Hoffmann laughed. It wasn’t bad, but it wasn’t authentic either.

“Watch this next batter,” he said.

A heavyset man came off the bench, two bats in his large hands. He wore shorts, and both knees were reinforced with white elastic bands. He moved slowly, swinging the bats, handed one of the bats to a wiry man who had to be seventy, adjusted his glasses, and moved to the plate.

“That’s Alan Roberts,” Hoffmann said. “The Boomer.
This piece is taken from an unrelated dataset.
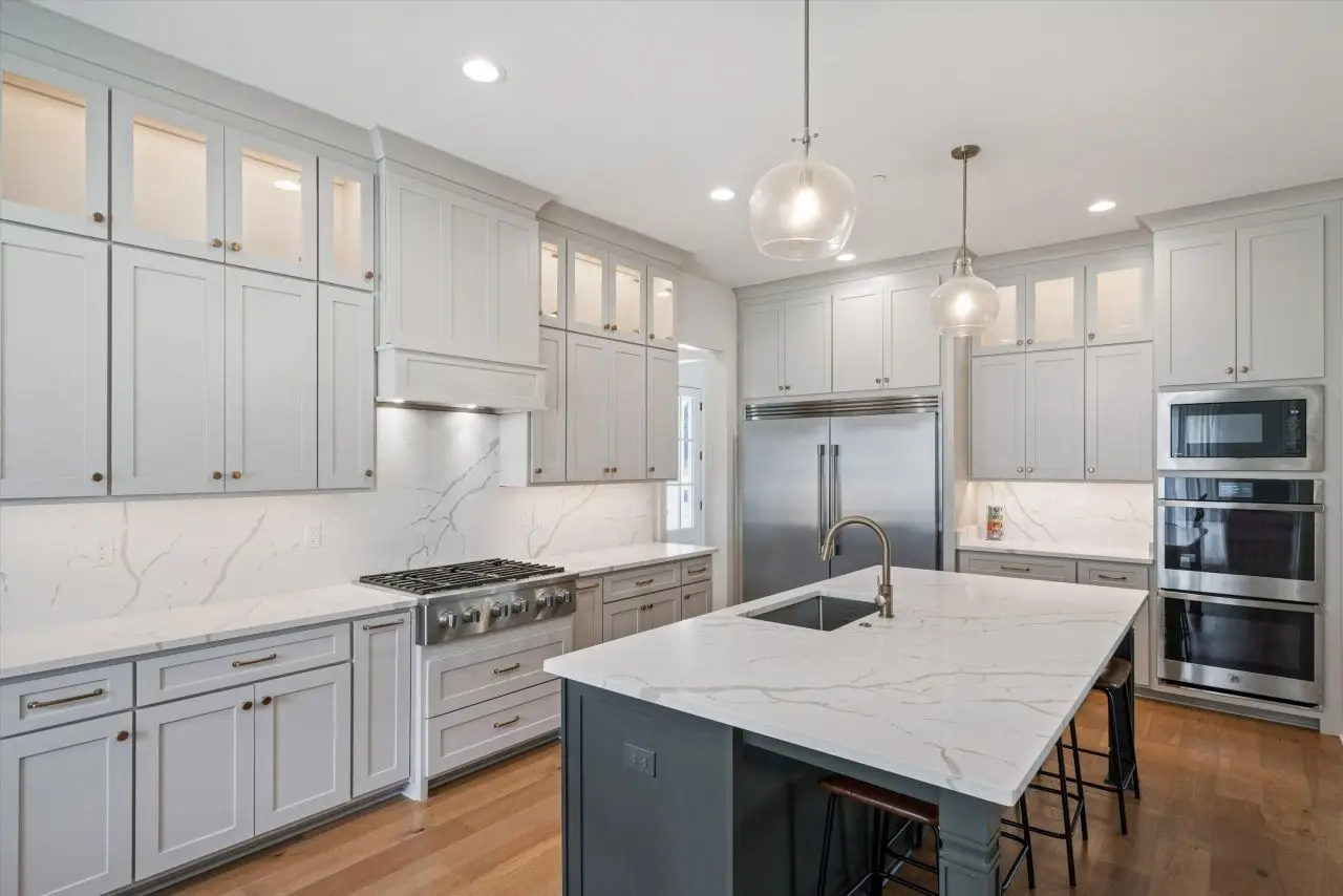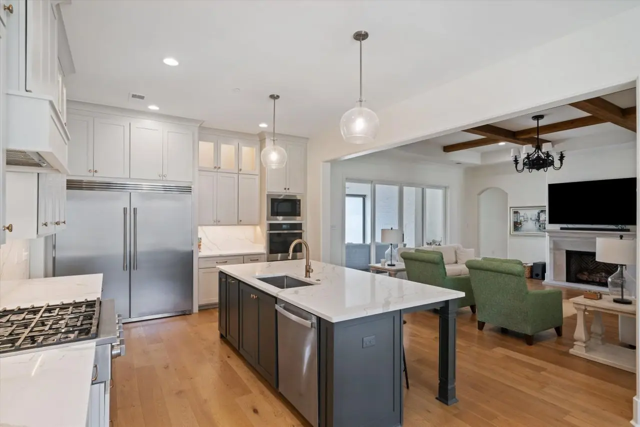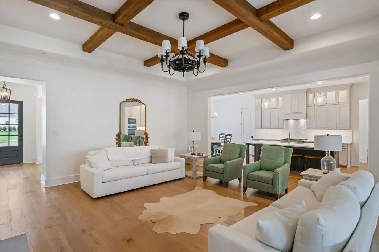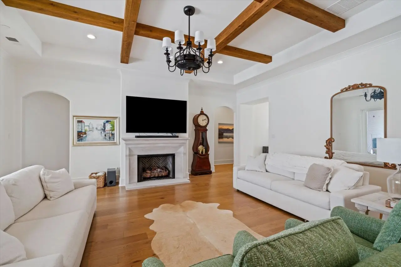 Completed in May 2024 by Griffin Elkington Builder, this stunning Germantown home offers 5 bedrooms and 4.5 baths with 2 bedrooms down. Interiors feature 10-13' ceilings on the main level and 9' upstairs, creating a light, airy feel throughout. The open kitchen boasts quartz countertops, GE Profile appliances, and a six-burner gas cooktop, flowing seamlessly into the living room with fireplace. Upstairs includes a 21' x 19' media room and 22' x 13' playroom. The living space extends to a screened patio with woodburning fireplace, overlooking a gunite pool. The primary suite offers a spa-like bath with soaking tub and dual walk-in closets. Additional highlights include a 3-car garage, 3 HVAC systems, and 2 tankless water heaters.

No knees. Has to hit it deep off the fence to make it to first. Then he gets a pinch runner.”

I watched. The pitcher was a lean man with a dirty white cap. He put his feet on the rubber, stepped off, and delivered the ball. The ball arced. Roberts swung and missed.

“Harder to hit a slow-pitch softball than a fast pitch,” he said. “Fast pitch, the ball comes straight at you. You swing even, make contact, and that’s it. Slow pitch, you have to hit up into the ball, time your swing perfectly, and supply your own power. It’s an art.”

There was supportive chatter on the field, encouraging the pitcher, whose name seemed to be Winston. There was also supportive chatter from the bench for Boomer, who took a couple of practice swings and cocked his bat back. Winston delivered. The arc was low. The ball was about to cross the plate chest-high when the batter swung. The ball sailed up and out about twenty feet in the air and rocketed toward the fence and over it. The bench cheered.

“That’s more than two hundred feet,” Hoffmann said happily as Boomer shuffled around the bases. “A lot of these guys played college ball, minor leagues, even a few made it to the majors. The hitting stays with you. The fielding, too. The body goes. Legs, back, arms.”

Boomer crossed the plate and accepted high fives from the bench and Hoffmann, who moved over to meet him and then came back to me.

“I’ll get up this inning,” Hoffmann said. “I’ll make this quick and straight, Fonesca. See that gym bag at the end of the bench, the red one with the white handles?”